In terms of the impact that a new Fantasy game may or may not have on the year end report...a lot of that will depend on when it comes out. Year ends the beginning of June. The bulk of the initial run on a new release happens in the first month or so of the release, that means that to have the most impact it would need to be released the end of April. Based off from past data on Fantasy sales, a new edition on its own wouldn't be enough to turn around the report from another year over year drop in profit (a Fantasy Edition release is good for about $2-2.5 million). That means if they are counting on it doing much at all in terms of the numbers - they will need to drop a whole lot more at the same time. Completely rewrite the army books and push them all out the door at the same time might work. As would invalidating large numbers of existing figures and replacing them with new figures to buy.

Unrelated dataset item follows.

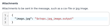 Add the generated jpg image to the attachments section of your Slack notification block. You’ll want to add the filename, such as image.jpg, followed by a reference to the output image, $steps.<block_name>.output

Granted, some of the info coming from that direction does in fact point to that as what is going to happen. The problem then becomes that instead of having your existing Fantasy player base (minus a bit for those who leave/stick with the old edition) you run the risk of forcing even more of those players away. Then the $2-2.5 million becomes something like $300-500K, and you are stuck carrying a lot of inventory over to the next year (which makes the books look a bit worse). GW is playing a game right now, in trying to figure out how to get more money back in their coffers. It is a very risky game too - as a lot of people who like WFB like it because of the big blocks of troops. They also often have much larger armies, and the thought of those much larger armies becoming irrelevant with new rules probably won't sit too well with the old guard.

Given that the old guard are the ones who do the advertising/recruiting for GW - it could be enough to kill the game as being commercially viable for GW to continue.